Keywords

1 Introduction

In information geometry, a central role is played by a statistical manifold, which is a Riemannian manifold with a pair of two dual torsion-free affine connections. This geometrical structure is induced from an asymmetric (squared) distance-like smooth function called a contrast function by taking its second and third derivatives [1, 2]. The Kullback-Leibler divergence on a regular parametric statistical model is a typical example of contrast functions and its induced geometrical objects are the Fisher metric, the exponential and mixture connections. The structure determined by these objects play an important role in the geometry of statistical inference, as is widely known [3, 4].

A statistical manifold admitting torsion (SMAT) is a Riemannian manifold with a pair of two dual affine connections, where only one of them must be torsion-free but the other is necessarily not.

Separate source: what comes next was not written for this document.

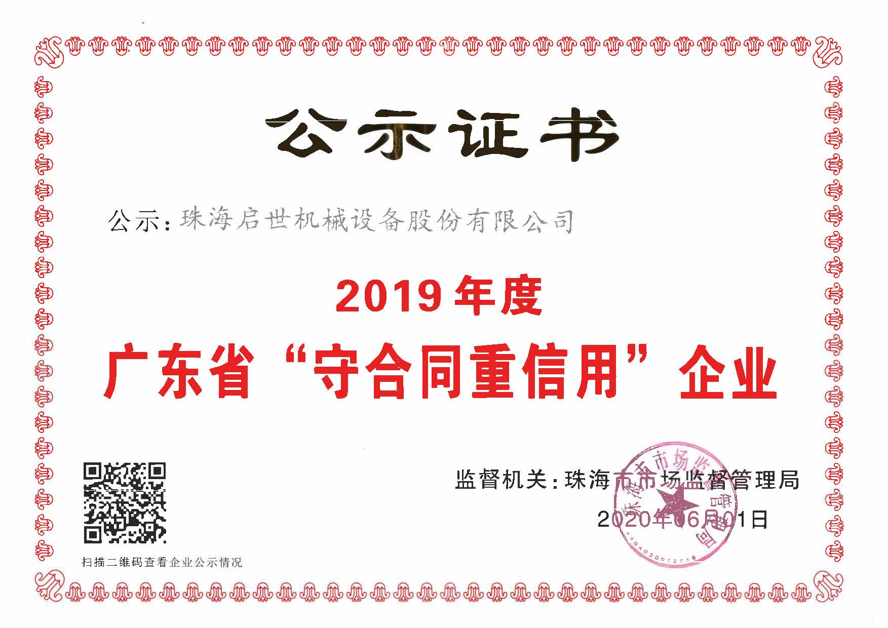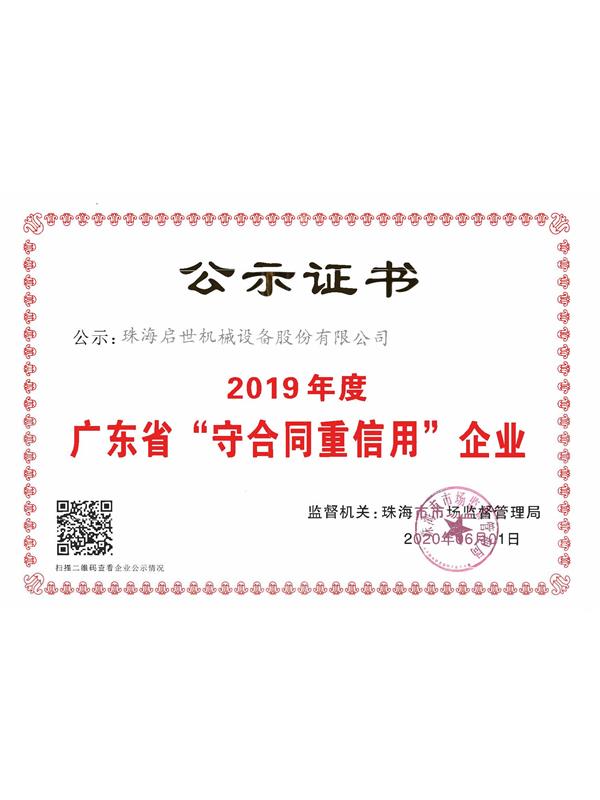 廣東省守合同重信用企業證書

This geometrical structure naturally appears in a quantum statistical model (i.e. a set of density matrices representing quantum states) [3] and the notion of SMAT was originally introduced to study such a geometrical structure from a mathematical point of view [5]. A pre-contrast function was subsequently introduced as a generalization for the first derivative of a contrast function and it was shown that an pre-contrast function induces a SMAT by taking its first and second derivatives [6].

Henmi and Matsuzoe [7] showed that a SMAT also appears in “classical” statistics through an estimating function. More precisely, an estimating function naturally defines a pre-contrast function on a parametric statistical model and a SMAT is induced from it.

This paper summarizes such previous results and provides some new insights for this geometrical structure. That is, we show that the canonical pre-contrast function can be defined on a partially flat space, which is a SMAT where only one of its dual connections is flat, and discuss a generalized projection theorem in a partially flat space. This theorem relates orthogonal projection of the geodesic with respect to the flat connection to the canonical pre-contrast function.

2 Statistical Manifolds and Contrast Functions

In this paper, we assume that all geometrical objects on differentiable manifolds are smooth and restrict our attention to Riemannian manifolds, although the most of the concepts can be defined for semi-Riemannian manifolds.

Let (Mg) be a Riemannian manifold and \(\nabla \) be an affine connection on M. The dual connection \(\nabla ^{*}\) of \(\nabla \) with respect to g is defined by

$$\begin{aligned} Xg(Y,Z) = g(\nabla _{X}Y, Z) + g(Y, \nabla ^{*}_{X}Z) \ \ (\forall X,\forall Y,\forall Z \in \mathcal{X}(M)) \end{aligned}$$

where \(\mathcal{X}(M)\) is the set of all vector fields on M.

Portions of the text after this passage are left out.